Perhaps you’ve been foraging for mushrooms this season? Or are you just casually curious about the world’s continuing appetite for, and fascination with, fungi? This moderated discussion featuring a panel of UC Berkeley experts will pore over the myriad ways modern civilization interacts with fungi. The panel will speak to our millennia-long appetite for them in cuisines throughout the world, as well as their evolving presence in commerce, medicine (including the use of psilocybin in modern mental health treatments), public health (including indoor air quality and the spread of opportunistic disease), as well as the impact climate change is having on the mushroom season.
From ectomycorrhizal fungi to its invasive relatives, we invite you to join us on this microbiological journey as we explore insights into these key ingredients for improved public health and wellbeing.
If you have any questions you can email Kassie Darling, Director of Events and Special Programs, at email@example.com.
Click here for a recording of the event.
Professor Tom Bruns, PMB
Tom Bruns is a renowned expert in the field of mycology (that’s the study of fungi). He takes classes on field trips to Mendocino and Yosemite, has the respect of colleagues across campus and across the world, and earns overwhelming praise from UC Berkeley students. Tom's current research includes post-fire saprobic fungal communities, mycorrhizal facilitation of invasive pines in the Southern Hemisphere, longevity of ectomycorrhizal spore banks, and mycorrhizal facilitation of bristlecone pine expansion in the white mountains.
Iman Sylvain, PhD '18 PMB (Moderator), Data Analyst, Innovative Genomics Institute COVID-19 Diagnostics Lab
Iman Sylvain received her PhD in John Taylor’s lab, researching indoor air microbiology in public housing. Iman’s deep passion for social justice and health equity led her to complete a dissertation evaluating the presence of mold in low-income housing using next-generation sequencing. After completing her PhD, Iman went to work directly on policy issues and served as a Legislative Aide for Former Berkeley City Councilmember Cheryl Davila. Iman joined the Innovative Genomics Institute's COVID-19 Testing Lab last summer to be of service as a 'first responder behind the bench' during the pandemic.
Professor John Taylor, PMB
John Taylor is in his fiftieth year of studying fungi as a profession and starting his fifth decade as a professor at Berkeley. He and Tom Bruns (with whom he has taught for more than 20 years) also take classes to wineries and mushroom farms.
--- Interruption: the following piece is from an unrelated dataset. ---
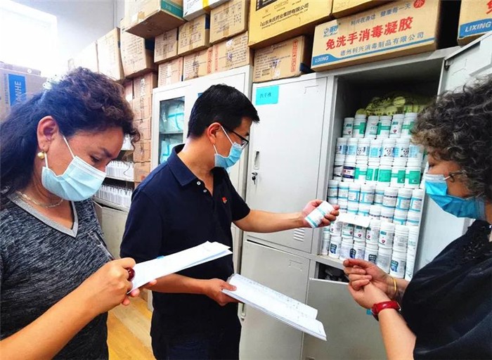 乌鲁木齐市高新区(新市区)纪委监委第三协作区在辖区学校现场查看防疫物资储备情况。(黄玮玲 摄)

John has been president of the Mycological Society of America and the International Mycological Association and his current research addresses the role of fungi when crop plants experience drought and the environmental reservoir of the fungus that causes San Joaquin Valley Fever.
The event will be introduced by Lew Feldman. Lew is a Professor of Plant Biology and the Executive Director of the UC Botanical Garden, UC Berkeley. He investigates root development and has focused on how roots respond to different soil environments, such as high salts and drought. He also studies how roots respond to gravity, which generally translates into downward growth.